The theory of OSR hypothesizes that the operational sex ratio affects the mating competition of males and females in a population. This concept is especially useful in the study of sexual selection since it is a measure of how intense sexual competition is in a species, and also in the study of the relationship of sexual selection to sexual dimorphism. The OSR is closely linked to the "potential rate of reproduction" of the two sexes; that is, how fast they each could reproduce if not limited by the reproductive rate of the other sex. Usually variation in potential reproductive rates creates bias in the OSR and this in turn will affect the strength of sexual selection. The OSR is said to be biased toward a particular sex when sexually ready members of that sex are more abundant. For example, a male-biased OSR means that there are more sexually competing males than sexually competing females.

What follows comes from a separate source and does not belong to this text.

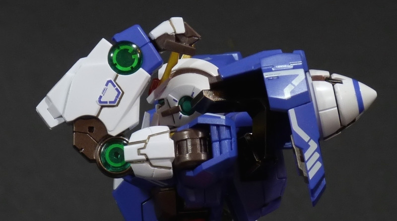 Andiamo nel dettaglio: per quanto riguarda la testa, essa può effettuare una rotazione completa di 360°, può essere inclinata più che discretamente verso l’alto, il basso e anche leggermente in senso laterale; tutto ciò è reso possibile dalla presenza di due micro-snodi che costituiscono la parte interna del collo. Vi consiglio di manipolare con cura questa parte, non perché sia particolarmente delicata, ma, viste le numerose “corna” e sporgenze appuntite che possono anche cozzare tra di loro, meglio evitarsi fastidiosi episodi. Discorso particolare meritano le spalle: permetterebbero alle braccia estensioni laterali e movimenti completi per avanti-alto-dietro, ma esse devono sobbarcarsi l’ingombrante presenza dei moduli GN-Drive posti proprio sopra di esse. Queste due vistose protuberanze coniche rappresentano dei potentissimi generatori perpetui d’energia, ed ostacolano la corsa delle braccia verso l’alto. Tuttavia, essi sono posti su un’impalcatura parzialmente metallica che ne permette lo spostamento all’indietro tramite una rotazione, così da liberare i movimenti degli arti superiori, senza sacrificare granchè l’estetica. Anzi, forse arricchendo ulteriormente il sapore hi-tech che pervade il mecha design e che personalmente adoro. Questa zona nasconde anche un altro paio di chicche, ma ve le lascio scoprire da soli: se siete appassionati della serie, o di Gundam in generale, apprezzerete certi dettagli.

==Some factors that affect OSR==
The Adult Sex Ratio (ASR) influences the OSR because if there is an imbalance in the number of adult females and males in a population, this can be carried on to the number of each sex ready to mate. ASR in wild populations are rarely balanced, due for example to differences between the sexes in developmental rates or survival probabilities to adulthood.

The operational sex ratio is affected by the length of time each sex spends in caring for young or in recovering from mating. For example, if females cease mating activity to care for young, but males do not, then more males would be ready to mate, thus creating a male-biased OSR. One aspect of gestation and recovery time would be clutch loss. Clutch loss is when offspring or a group of offspring is lost, due to an accident, predation, etc. This, in turn, affects how long reproductive cycles will be in both males and females. If the males were to invest more time in the care of their offspring, they would be spending less time mating. This pushes the population towards a female-biased OSR and vice versa. Whether or not it is the males or females investing more care in their offspring, if they were to lose their offspring for whatever reason, this would then change the OSR to be less biased because the once occupied sex becomes available to mate again.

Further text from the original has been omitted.